Claude Code’s nested session block is a blunt enforcement of this principle. You want parallel work? Use separate sessions with message-passing coordination. You want a sub-task handled? Handle it in context, or use a proper orchestration layer.

What This Means If You’re Building Agents

A few concrete things:

  1. Treat context as a resource, not a container. It has limits. It has costs. Moving things in and out of context has coordination overhead.

  2. Default to single-session. Most tasks that feel like they need a sub-agent don’t. Do the work in context first. Reach for parallelism when you have evidence it helps.

  3. When you do spawn sub-agents, define the interface first. What does the sub-agent get? What does it return? How does the parent validate the output? If you can’t answer these, you’re not ready to spawn.

  4. Failure in sub-agents should be isolated. A sub-agent that crashes shouldn’t take down the orchestrator. Design for it.
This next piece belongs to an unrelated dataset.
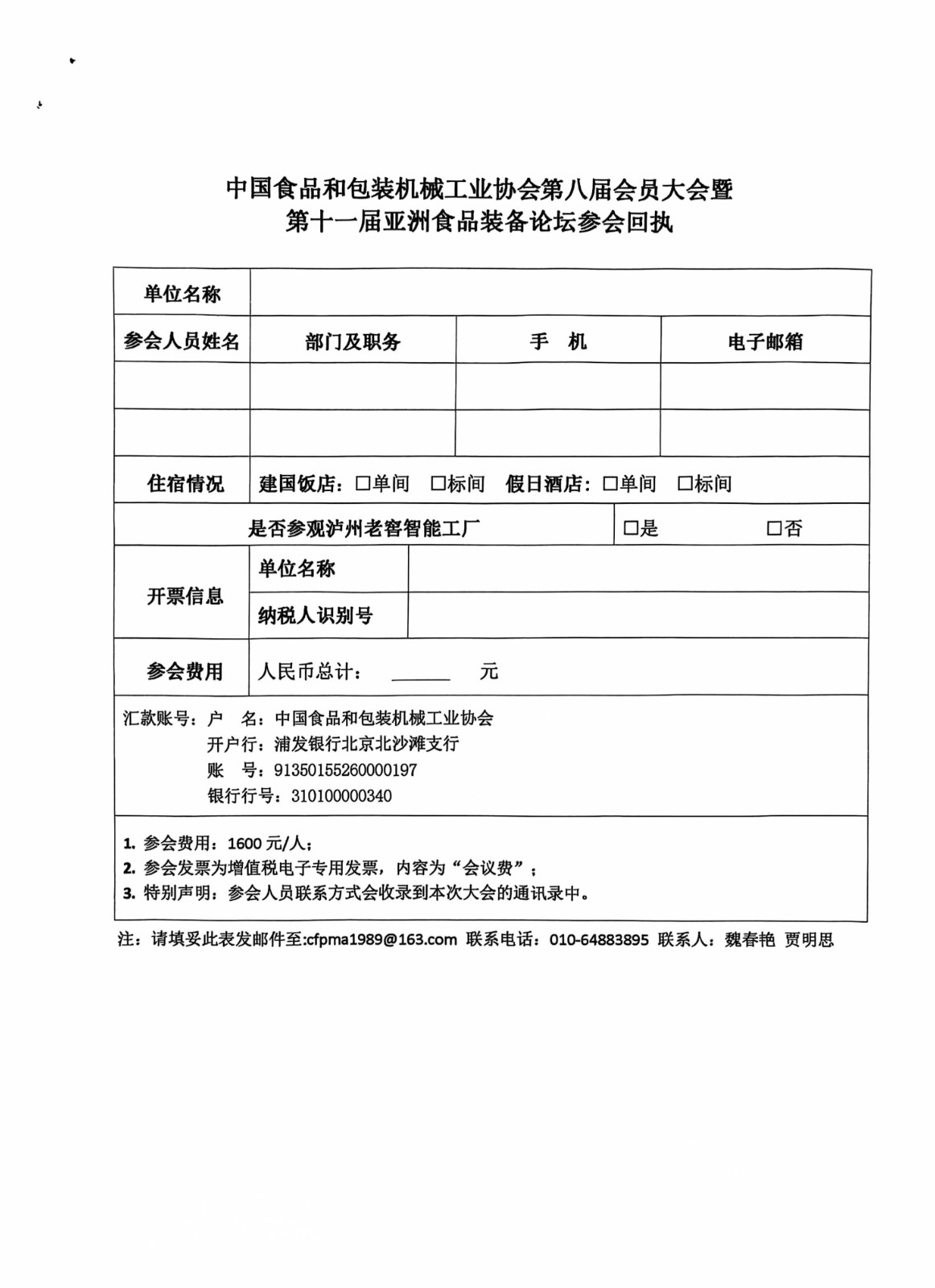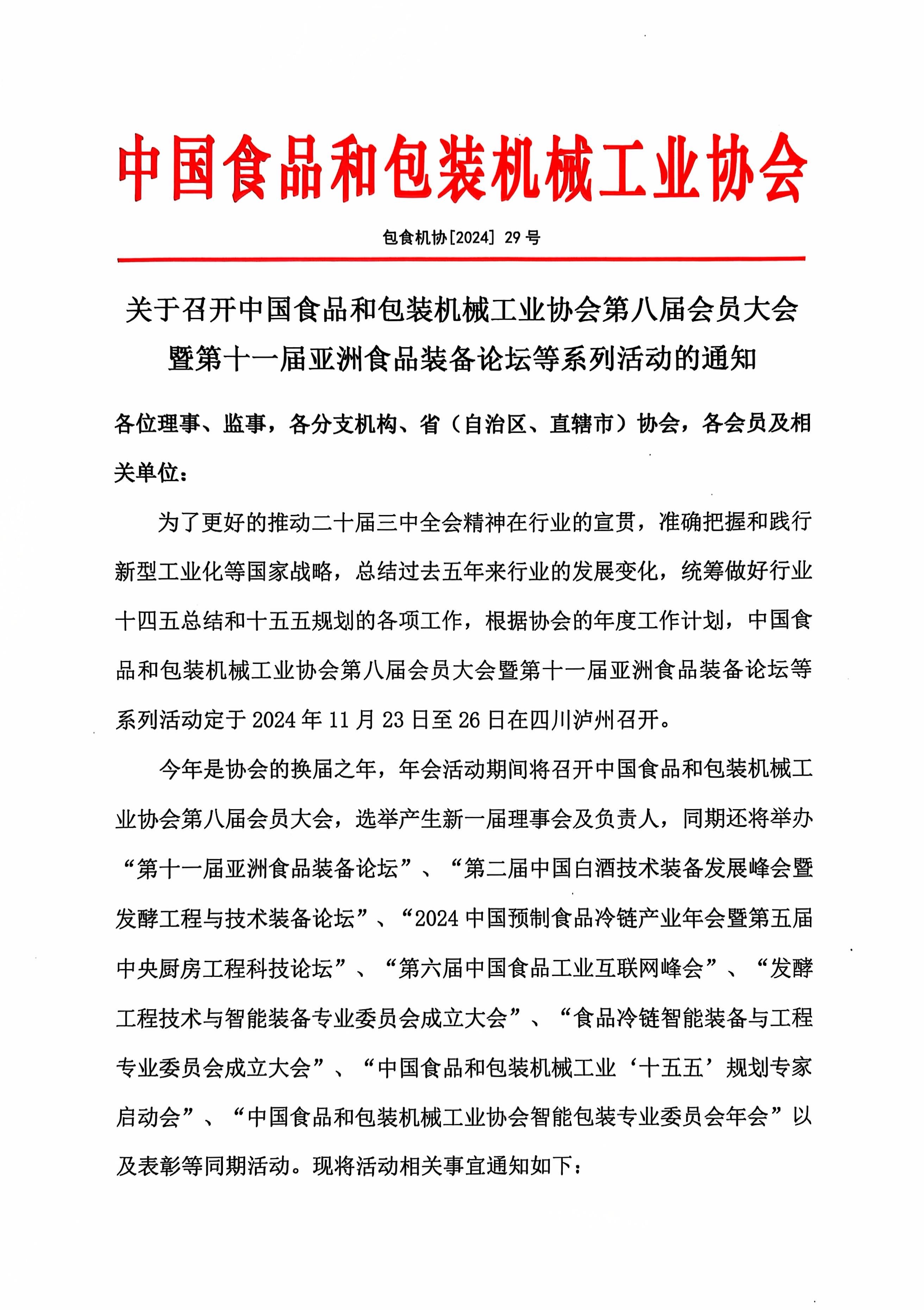 關(guān)于召開中國食品和包裝機(jī)械工業(yè)協(xié)會第八屆會員大會暨第十一屆亞洲食品裝備論壇等系列活動的通知

  5. Shared state is a liability. If two agents need to share state, that state is a coordination problem. Either centralise it (one agent owns it, others request access) or replicate it (each agent gets a read-only copy at task start).


I didn’t write this post using a nested Claude Code session.

I wrote it in the same session that blocked me from making a mistake.

Sometimes the error message is the answer.